Year,Manufacturer,Model,Price
1997,Man_1,Model_1,3000.00
1999,Man_2,Model_2,4900.00
Example query
SELECT
    *
FROM external_source.path
WITH
(
    FORMAT = "csv_with_names",
    SCHEMA =
    (
        Year Int32,
        Manufacturer Utf8,
        Model Utf8,
        Price Double
    )
)

The result of the query execution:

# Manufacturer Model Price Year
1 Man_1 Model_1 3000 1997
2 Man_2 Model_2 4900 1999

tsv_with_names format

This format is based on the TSV format. The data is arranged in columns and separated by tab characters (code 0x9). The first line of the file contains the column names.

Example of data:

Year    Manufacturer    Model   Price
1997    Man_1   Model_1    3000.00
1999    Man_2   Model_2    4900.00
Example query
SELECT
    *
FROM external_source.path
WITH
(
    FORMAT = "tsv_with_names",
    SCHEMA =
    (
        Year Int32,
        Manufacturer Utf8,
        Model Utf8,
        Price Double
    )
)

The result of the query execution:

# Manufacturer Model Price Year
1 Man_1 Model_1 3000 1997
2 Man_2 Model_2 4900 1999

json_list format

This format is based on JSON representation of data. In this format, each file must contain an object in a valid JSON representation.

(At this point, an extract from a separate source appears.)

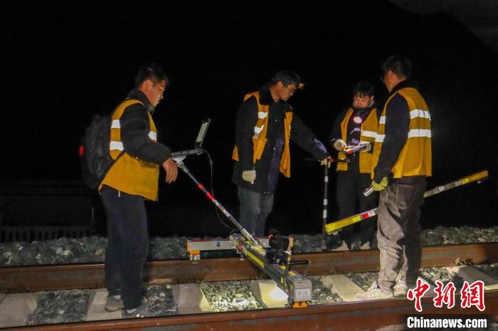 圖為2月9日晚,工作人員在西藏拉林鐵路線上進(jìn)行設(shè)備檢查作業(yè)?!●R生明 攝

Example of valid data (data is presented as a list of JSON objects):

[
    { "Year": 1997, "Manufacturer": "Man_1", "Model": "Model_1", "Price": 3000.0 },
    { "Year": 1999, "Manufacturer": "Man_2", "Model": "Model_2", "Price": 4900.00 }
]

Example of INcorrect data (each separate line contains a separate JSON object, but these objects are not combined into a list):

{ "Year": 1997, "Manufacturer": "Man_1", "Model": "Model_1", "Price": 3000.0 }
{ "Year": 1999, "Manufacturer": "Man_2", "Model": "Model_2", "Price": 4900.00 }
Example query
SELECT
    *
FROM external_source.path
WITH
(
    FORMAT = "json_list",
    SCHEMA =
    (
        Year Int32,
        Manufacturer Utf8,
        Model Utf8,
        Price Double
    )
)

Result of query execution:

# Manufacturer Model Price Year
1 Man_1 Model_1 3000 1997
2 Man_2 Model_2 4900 1999

json_each_row format

This format is based on JSON representation of data. In this format, each line of the file must contain a separate object in a valid JSON representation, but these objects are not combined into a JSON list. This format is used when transferring data through streaming systems, such as Apache Kafka or YDB topics (../../../datamodel/topic.md).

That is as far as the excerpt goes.